In editing, I assume like my present codec stuff , if i dont change anything, then the data does not get de-re-compressed one more time by simple cut editing.

i dont think the 25-35Mb/s being de-compressed totally and re-compressed will make me happy, large sweep color gradients (backgrounds) are already banding in my present DV 5-1 compression format, then in the 20-1 (type) dvd compression finals.

When i turn the saturation down, it actually gets worse, because the fine gradient color differences were already tossed out, so turn down the color bleeding/blending and the bands of colors arent blended by the color overlay as much.

Everything i shoot is moving, be it tracking horses, dancers, panning colors, the lights changing every other frame for thier cute effect, other than funerals NOTHING i shoot holds still and is in various shades of grey. (difficult to compress)

VBR in these cams is not an analisis of the WHOLE video (2pass) because it cannot analise the whole video using magic and put the BITs where i need them most, the best it can do is try to use more bits when its tossing out colors left and right.

I want to choke the person who said "digital would solve all the problems" because "it's always the same pixels you had to begin with". then turned around and COMPRESSED the heck out of everything.
I had better gradient sweeps with high quality S-Vhs , than with digital. so until I or they fix this severe compression, i want to know what to do to finish the color in the camera, when i shoot to begin with.
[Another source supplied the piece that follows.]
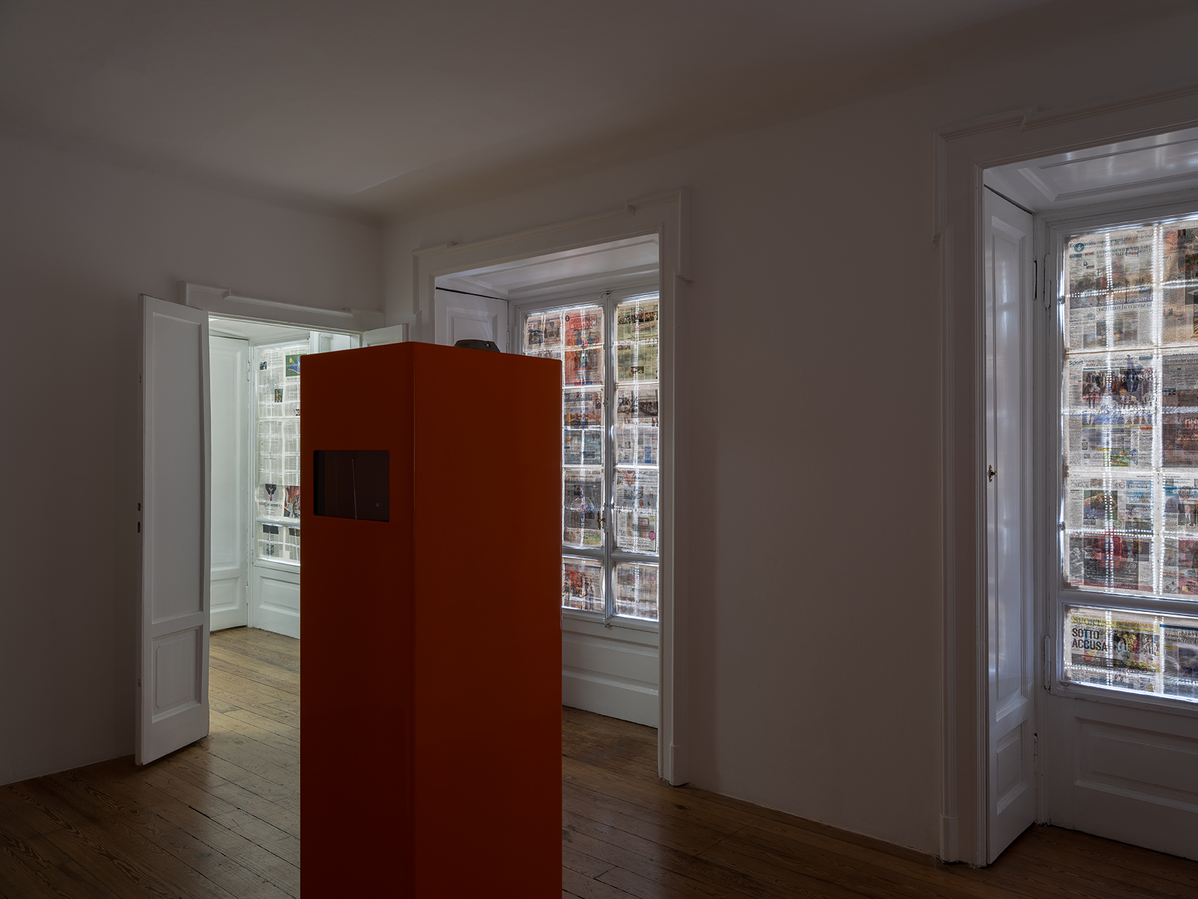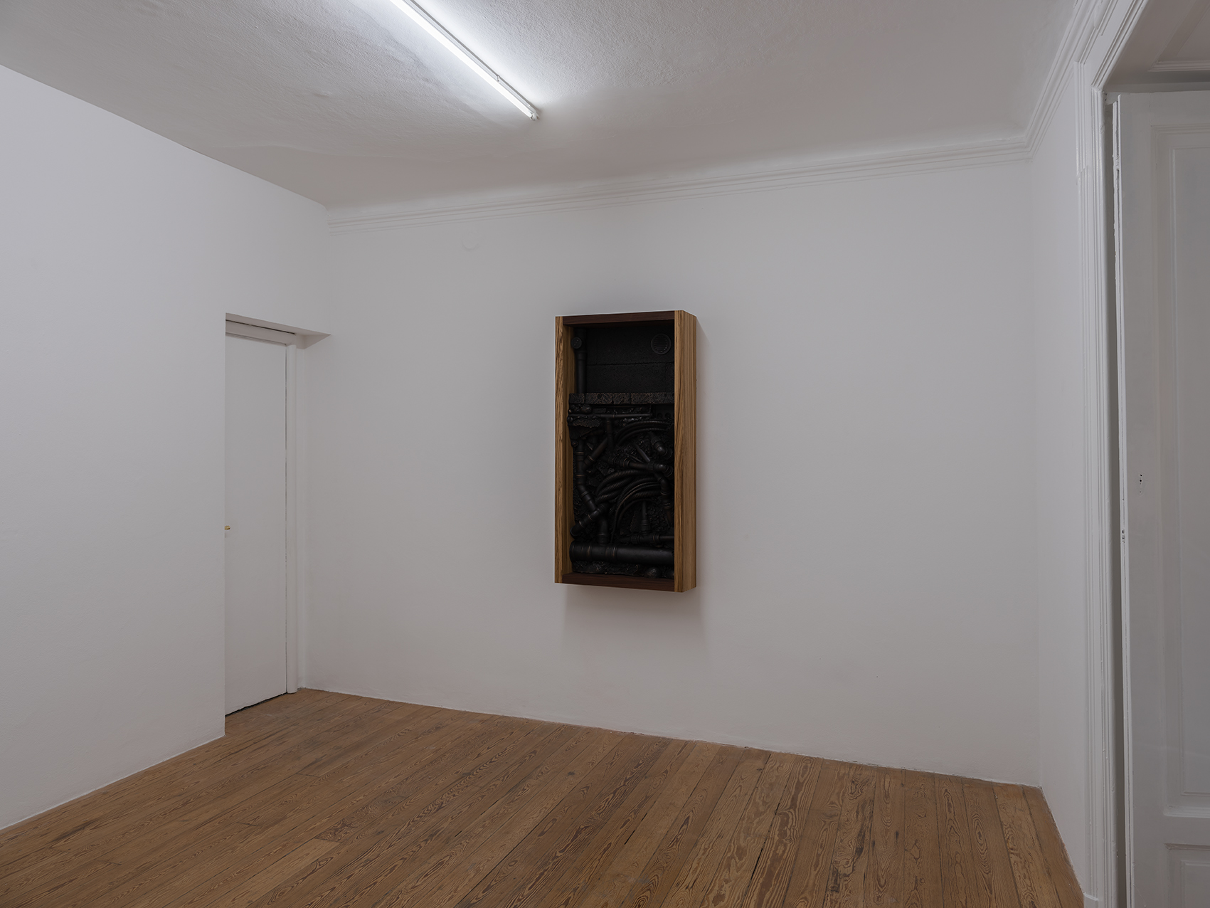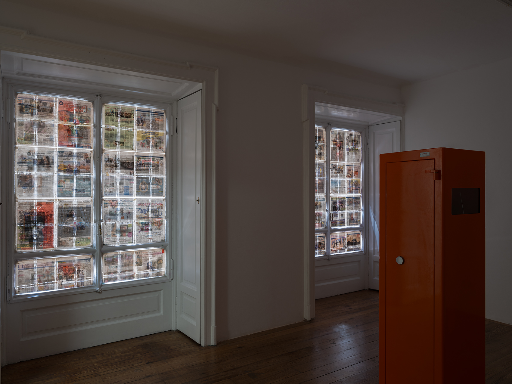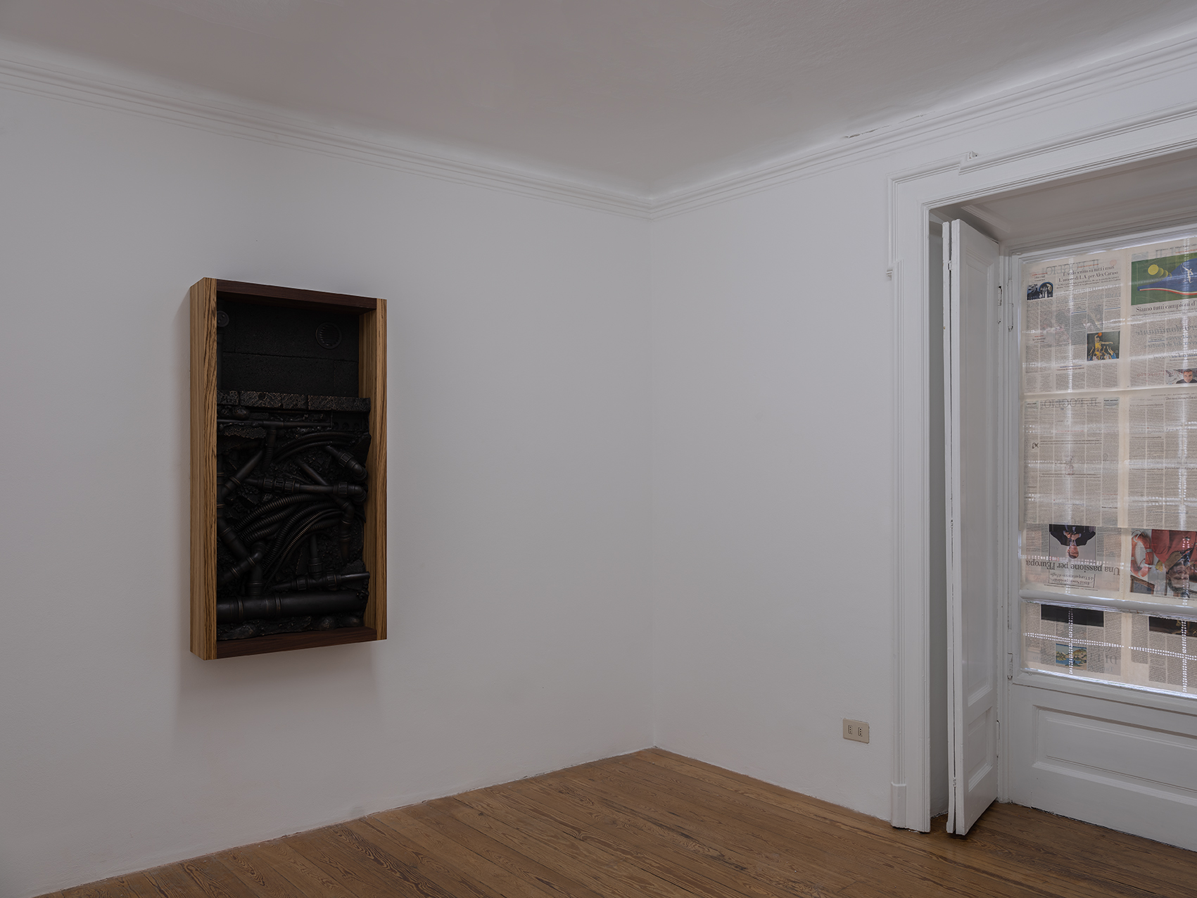 Topolino comics cutouts, rubber, tyvek, plexiglass, padlock
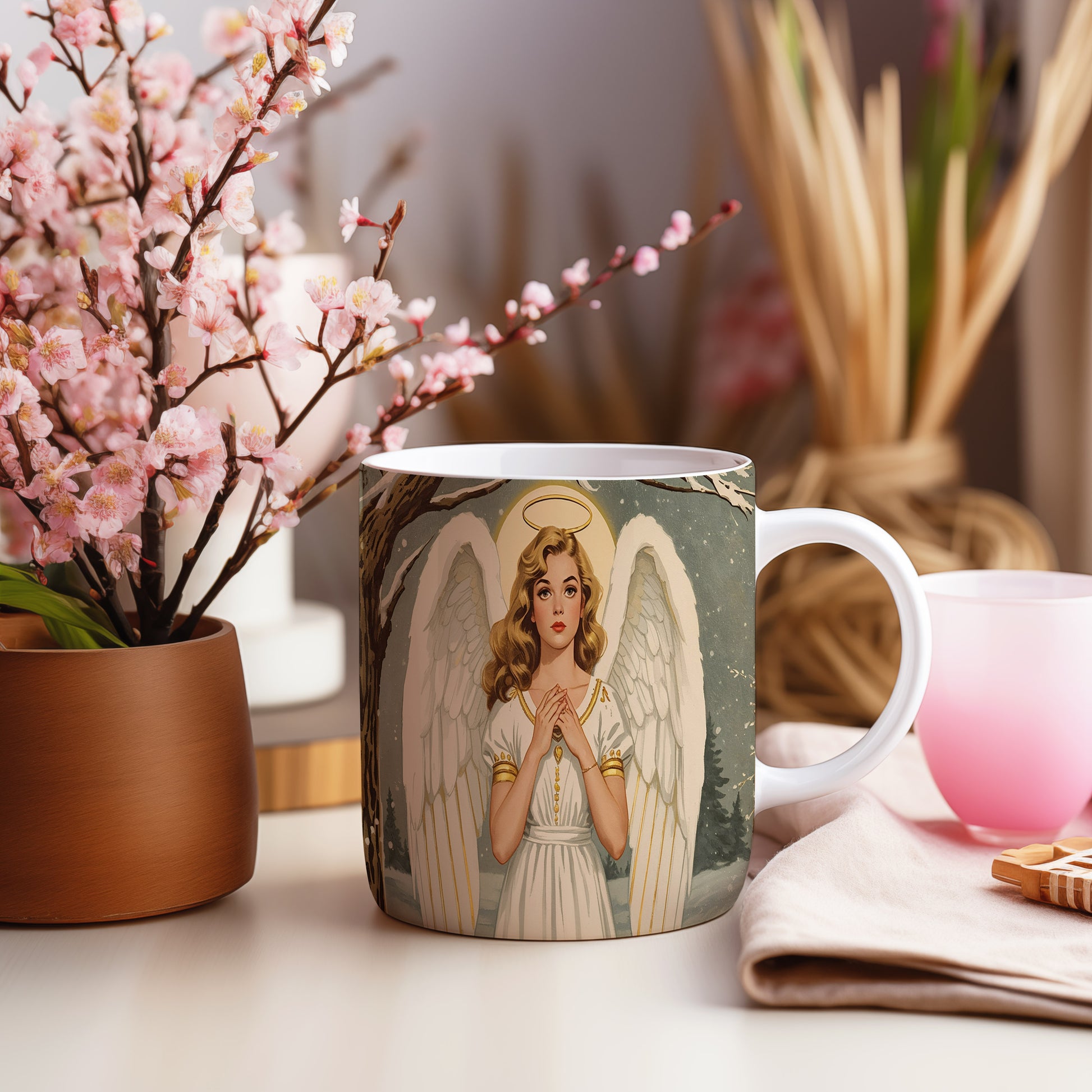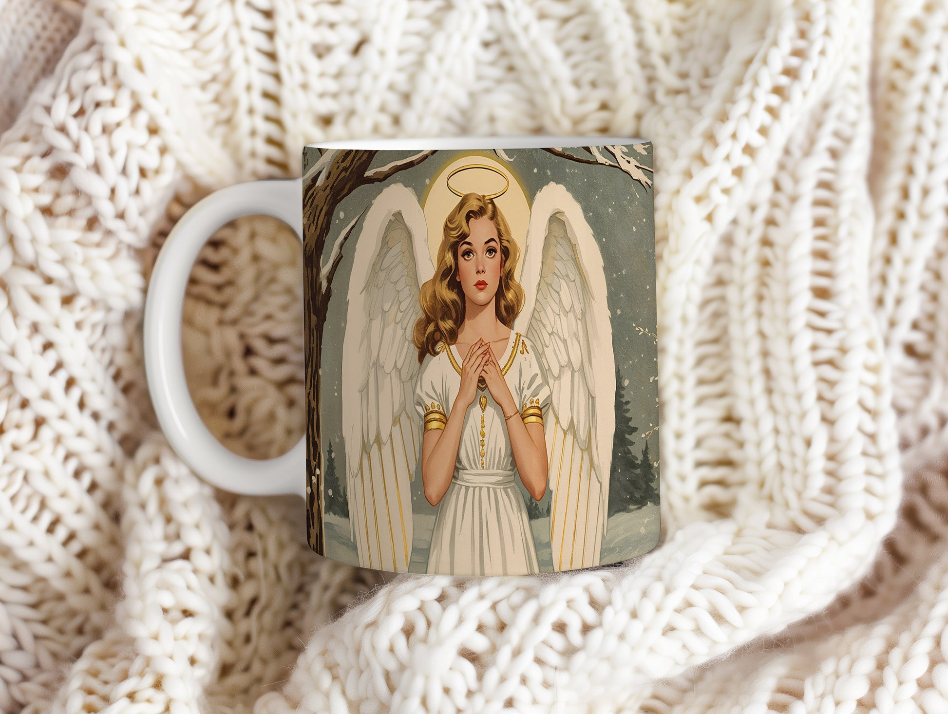Anděl v bílém rouchu s jemným zlatým zdobením září na pozadí zasněžené krajiny. Atmosféra klidu a míru doplněná jemnými zimními tóny. Hrnek 330ml – vhodný do myčky i mikrovlnky.

so i am trying to get Info to comprehend what would create a "final color" in the Cam, also live switching, it's in the CAN , from the CAMs , if possible.

the DVD creator can fully 2 pass the whole video, by slow painstaking analisis , and bundle up my bits where i need them most, i dont know of any Live compression techniques other than more bits that can give me 4-5times as many bits when every pixel on the screen changes for new ones.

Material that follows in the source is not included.